*Work to complete*.
Print, word for word, the opening line of the data below and every line after it through the line that contains "of the divine.", but not the pictures.

(Saved data entries)

____________________

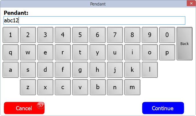 VSys can track these by having the volunteer scan an object at check in then scan it again at checkout. Or the item's code can be typed by hand. If enabled, when a volunteer checks in at the kiosk, she's asked to scan her token, in this example called a "pendant".
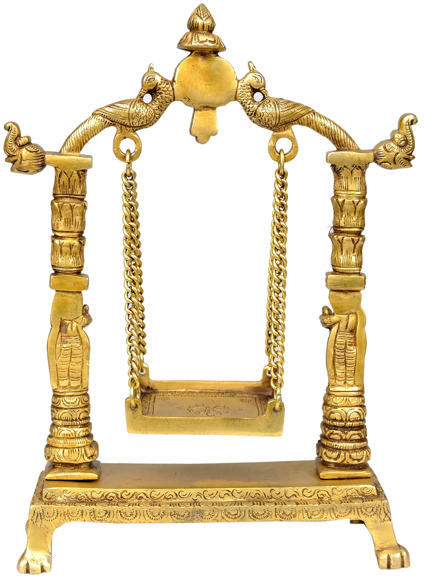 "Swing into the divine embrace." In the heart of India, swings are not just for children; they are a profound part of devotion. This Swing for Your Lord, handcrafted in brass, invites you to partake in a sacred tradition. Lord Krishna, the divine child, is often depicted on swings, symbolizing the playful aspect of divinity. Swinging Him gently, devotees experience a sense of closeness to the divine, as if cradling the universe in their arms. This swing, a beautiful blend of artistry and spirituality, invites you to sway with the rhythm of the cosmos and bask in the love of the divine.
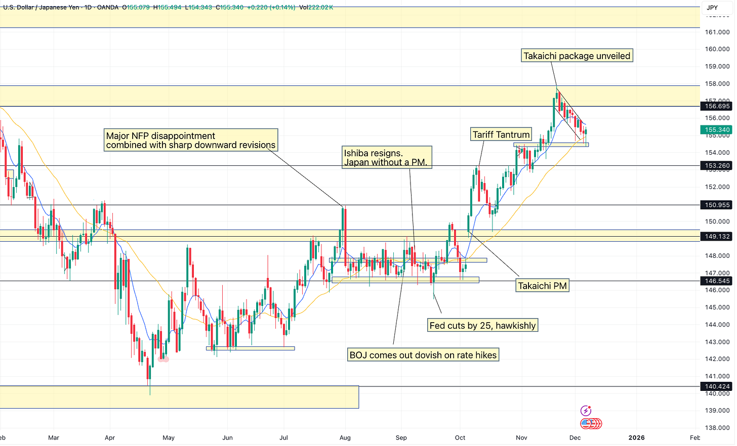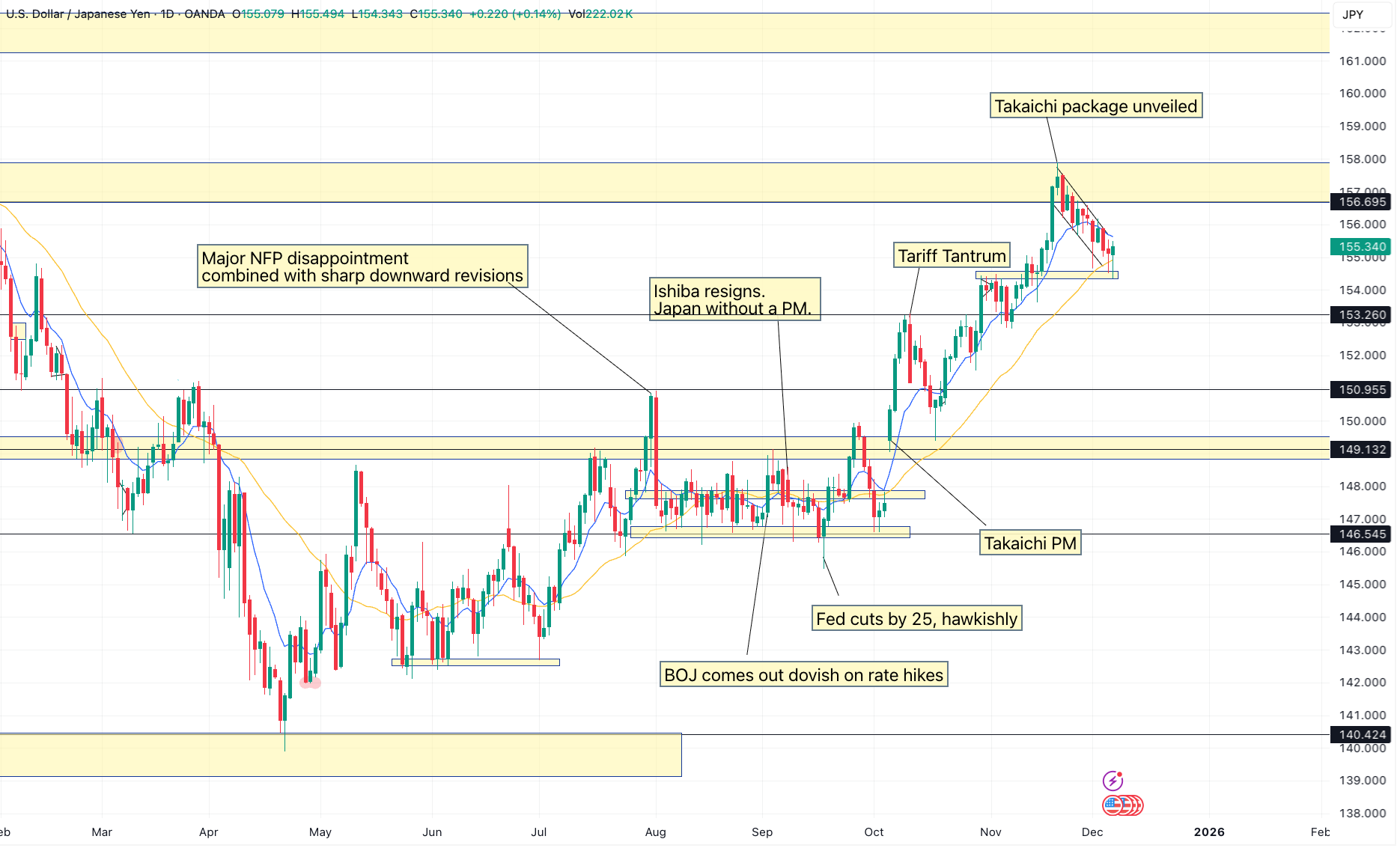 We traded the long side perfectly and went flat at 156.2 — and remain flat. Market is finding support around the MA50 as Yen holders *remain* reluctant in holding the world’s second most hated currency (Turkish Lira #1, lol)
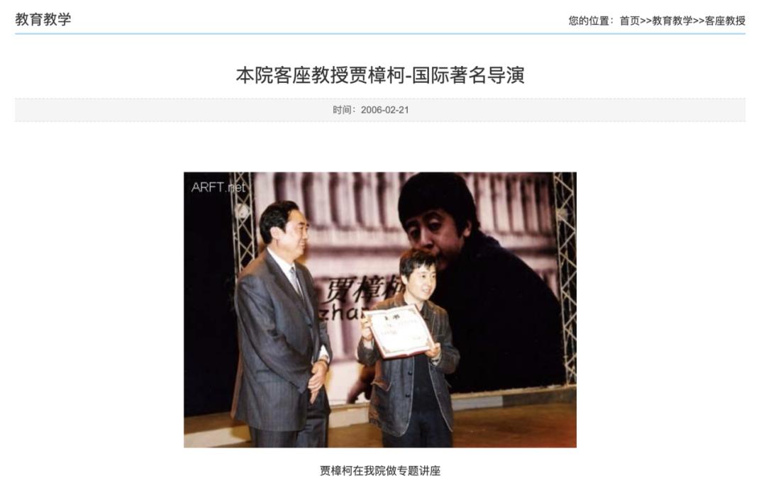 其实,在贾樟柯担任山西电影学院院长之前,据山西传媒学院的官网资料显示,他就已经是山传的客座教授了。
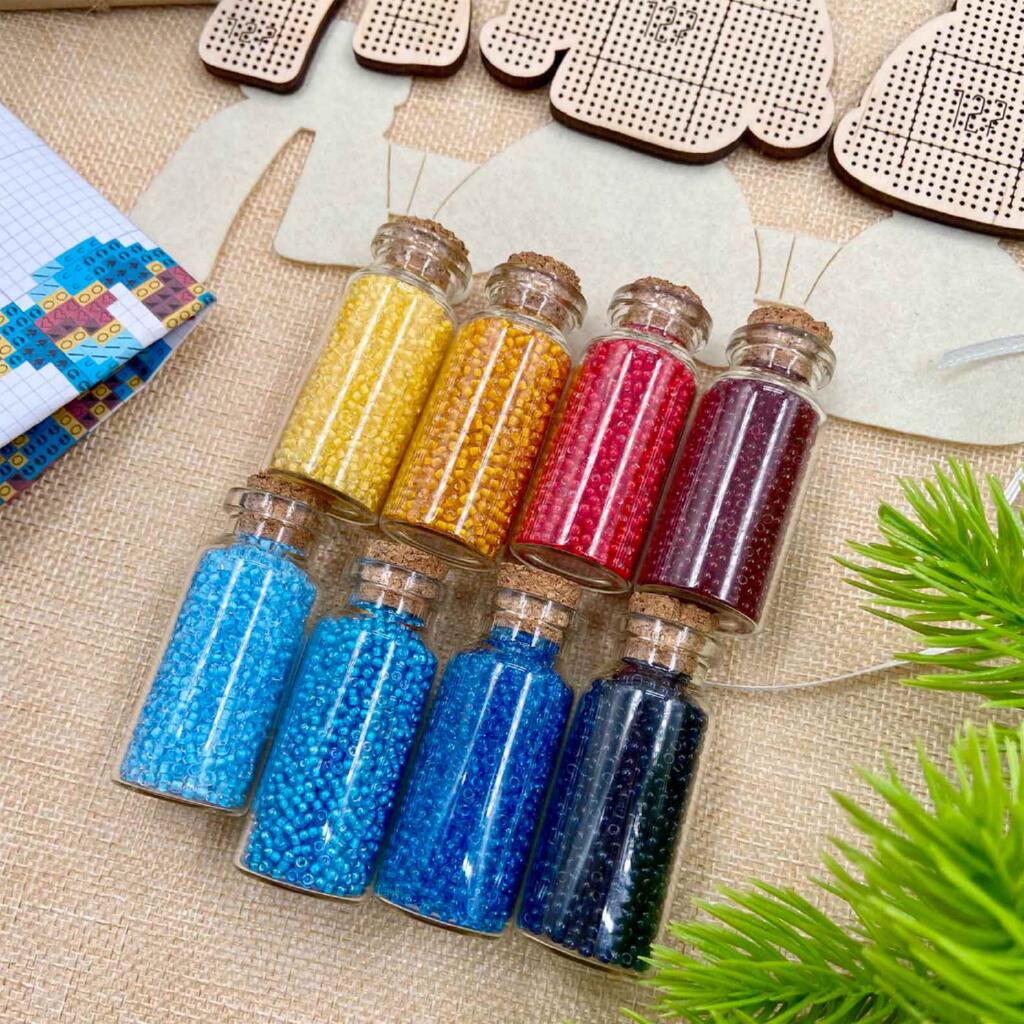 У наборі п'ять іграшок, вишиваються іграшки з двох сторін, кількість бісеру розрахована на дві сторони.
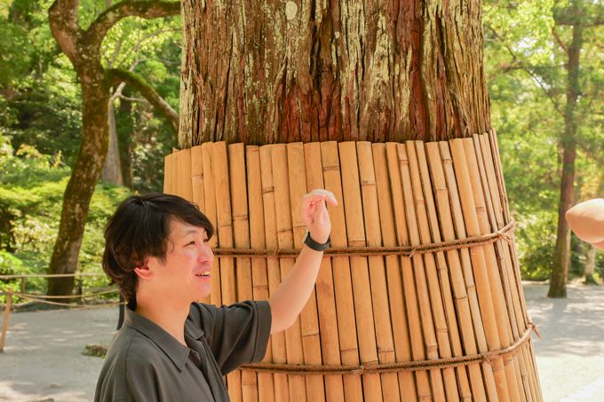 寺内:さて、こちらをご覧ください。道の真ん中に木があることに違和感があるかもしれないけど、大切な神域の樹木なんです。そして、この巻かれている竹はなんだって話ですが、この木にご利益があると思って、こそいじゃう人がいるから巻いています。だけど僕みたいに背が高い人は上からこそいじゃうから要注意です!

____________________

*Solution to this task*.
 VSys can track these by having the volunteer scan an object at check in then scan it again at checkout. Or the item's code can be typed by hand. If enabled, when a volunteer checks in at the kiosk, she's asked to scan her token, in this example called a "pendant".
 "Swing into the divine embrace." In the heart of India, swings are not just for children; they are a profound part of devotion. This Swing for Your Lord, handcrafted in brass, invites you to partake in a sacred tradition. Lord Krishna, the divine child, is often depicted on swings, symbolizing the playful aspect of divinity. Swinging Him gently, devotees experience a sense of closeness to the divine, as if cradling the universe in their arms. This swing, a beautiful blend of artistry and spirituality, invites you to sway with the rhythm of the cosmos and bask in the love of the divine.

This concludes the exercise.